Sonny Lindner Sonny is sixty-four years old and one of those human beings that philosophically understands himself well enough to know that sled dogs are his passion, and secondarily, the outcome in a race is a reflection of how well he prepared the team—“sort of.” I have known Sonny for a long time as a good friend, having raced with him the year he won the Yukon Quest in 1984. He has the passion and the experience to create wonderfully prepared teams. At the starting line, his dogs with glossy thick coats, muscled, and animated are works of art and his sled his neatly packed and organized like the construction projects he manages in the summer building season. Sonny earned his place in the top ten in 2013 and is quite capable of quietly emerging to the front, especially as we have been informed that he has purchased and added key dogs to his kennel after the 2013 Iditarod.
Joar Ulsom Seventh and the rookie of the year in 2013, this Norwegian has been training in Alaska all winter, and once again proving he is not a one time flash that appeared to the front and disappeared. I had fun with Joar last year, calling him the “Norwegian Barbarian” and suggesting that he subsisted by running down arctic hares on the trail. He is very tall, very athletic, and quite in tune with the arctic, having grown up far north in Norway, and has an unassuming, humorous, personality. Honestly, he was a surprise in 2013. At Koyuk on the Bering Sea Coast, I remember that he was looking for another pair of boots. Finally, he discovered that a pilot had a pair of size thirteen, but he probably would have preferred a fourteen. Where did that young guy come from? we kept asking. But , he has proved himself and Dean puts him in the top ten to solidly perform again.
Finally, as a disclaimer, we have added Ralph Johanessen, Norwegian rookie musher. Even though we dont know him, we must recognize the Norwegian champ. Friends of mine in Norway report that he may have a better team than Sorlie, a great admix to Iditarod . I really want to see his team and hope our insider crew catch him .
Further, let’s not forget 2011 champ John Baker. We saw his team on Tuesday at the Tudor track as his luxuriously furred huskies trotted in time like a synchronome. He has always been frustrated in the first few days of racing by warm weather common to the Willow restart—-his dogs are trained in very severe weather above the arctic circle at Kotzebue and have thick coaTS. I know he has been thinking about this problem—maybe the reason he brought his dogs to Anchorage a few days earlier.. Baker has the fastest Iditarod time ever of 8 days 18 hours 46 minutes. He knows how to blister the trail. After he completed his sixteen mile training run, he commented, as much to himeself and the black spruce on the training trail as anybody listening, “I think this team is smoother than my winning team.” Honestly, I don’t think one of his chargers was less than 60 pounds.
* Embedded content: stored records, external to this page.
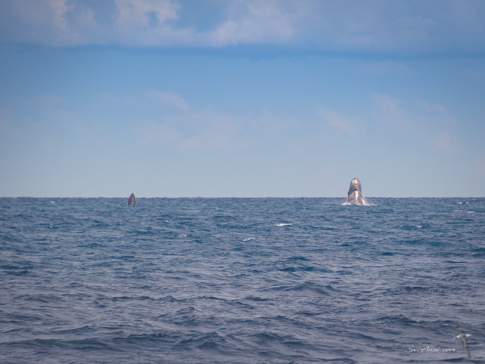 The only sounds: schools of fish occasionally jumping out, escaping a predator, and the blow of two whales logging nearby, a mother and her calf. We were willing them to drift towards our boat, whispering “come, come closer”.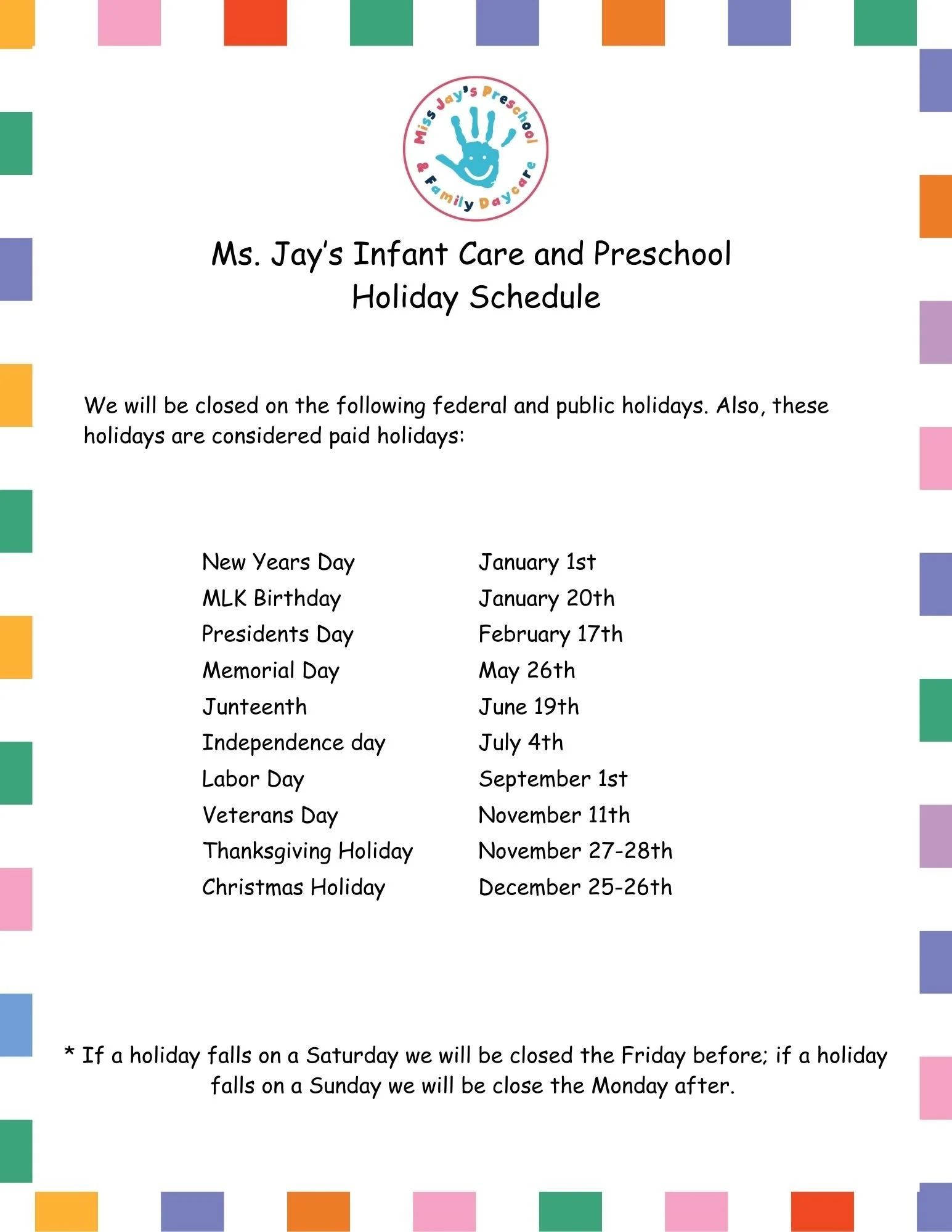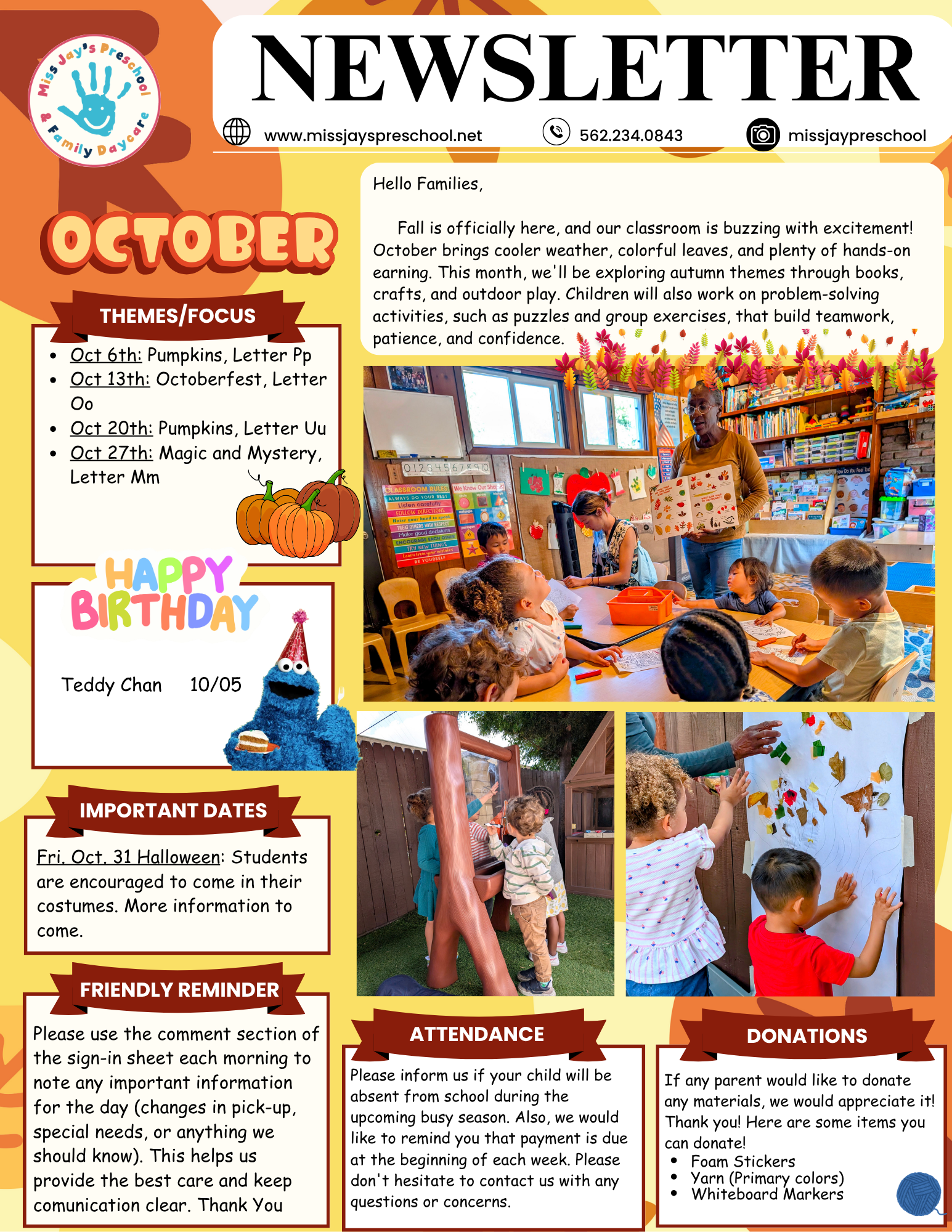 Our calendar keeps families informed about classroom activities, special events, and important reminders. Stay connected and never miss a moment of fun and learning.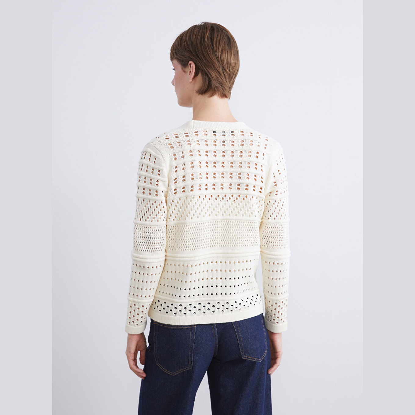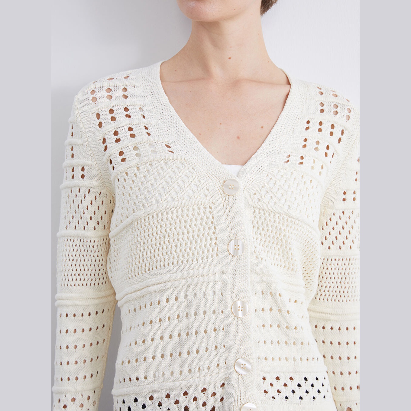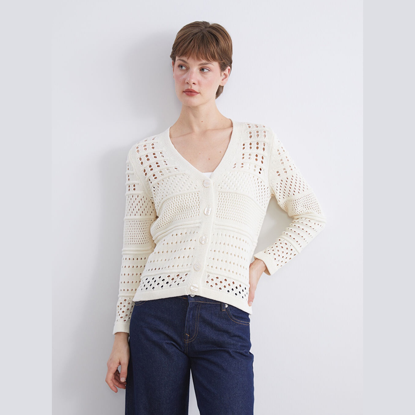 كارديغان نسائي بياقة V Ajurlu من LCW Comfort – إكرو (قصة قياسية، خامة تريكو مخرمة، مناسب لفترة الحمل وما بعدها)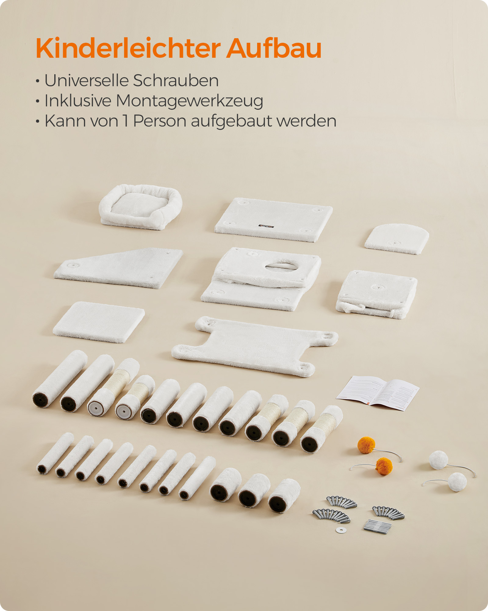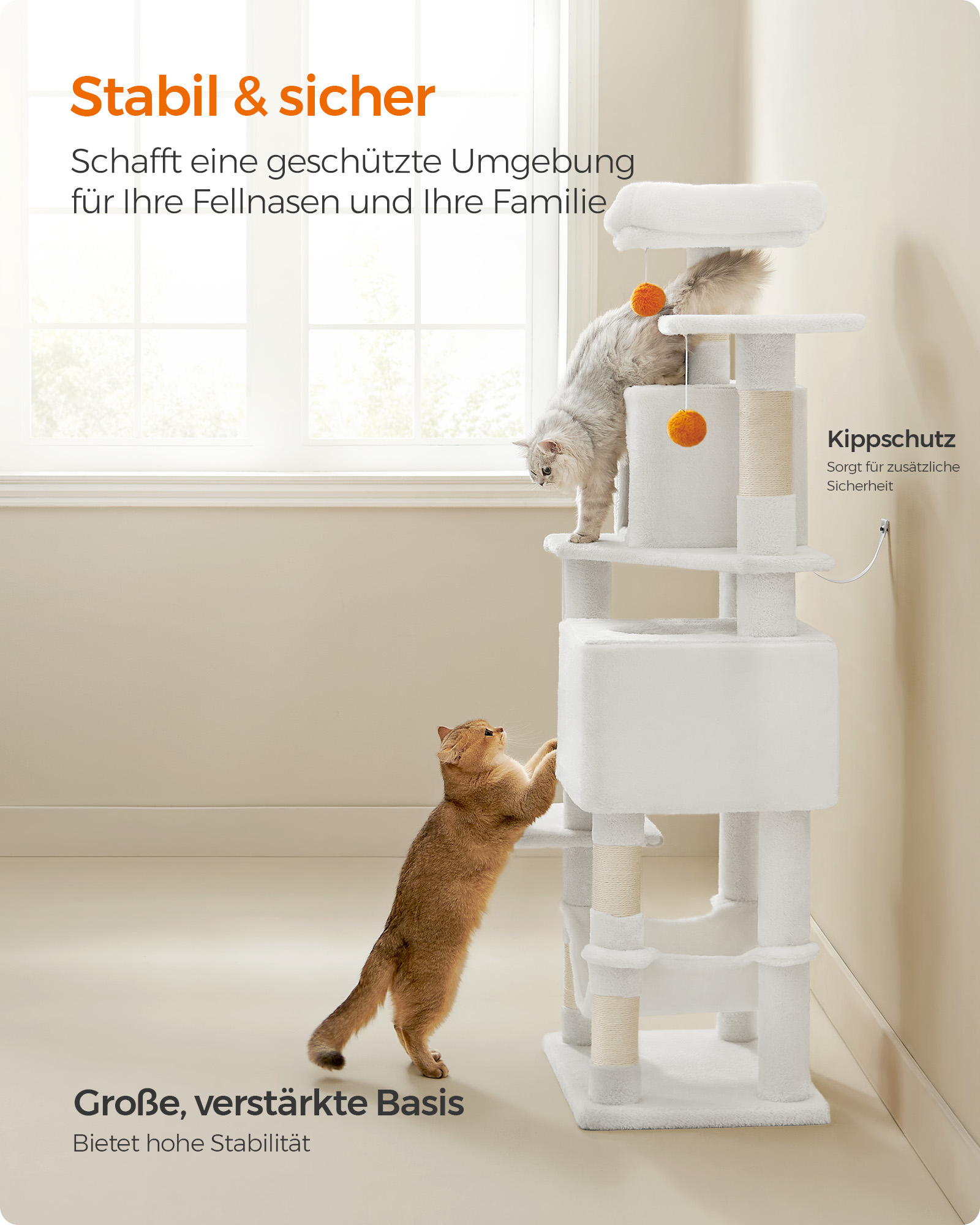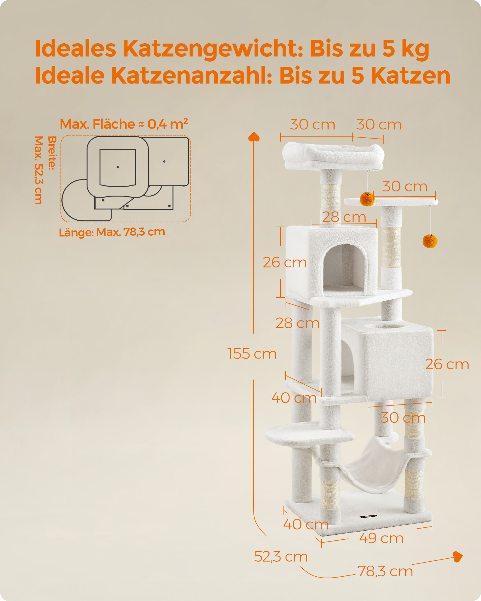 Feandrea Kratzbaum, 155 cm h?j, katteklatrestativ med 5 klatres?jler, 2 platforme, 2 kattehuler, h?ngek?je, 2 plysbolde, plys, fleretages design, r?ggr? PCT192G01

Baker needs a trail that favors strength.
Cym Smyth, Dean insists, is a team to watch.
Martin Buser, the 4x champ, was a front runner in 2013. Fans may recall that he used a very unorthodox strategy and travelled over the Alaska Range to Rohn checkpoint for a 24 hour mandatory break. Very unconventional. But, it worked. He was leading the race on the Yukon (over half way) but then encountered absolutely dreary conditions of dissolving wet snow, rain, and depressingly soft trail. His team faded, but insider pundits do not forget he had a wonderful team. In the 2014 pre season, his team has been winning races and impressing observers. Buser has been somewhat of an enigma the last several years, but I cant help but think that he and team are ready to dominate. Some would observe that Buser requires a little luck, because his strategy asks for a clear trail in front of him. If he can grab the lead with his very fast team and stay on a good trail, without weather confrontations of snow and wind, he will be difficult to catch and pass.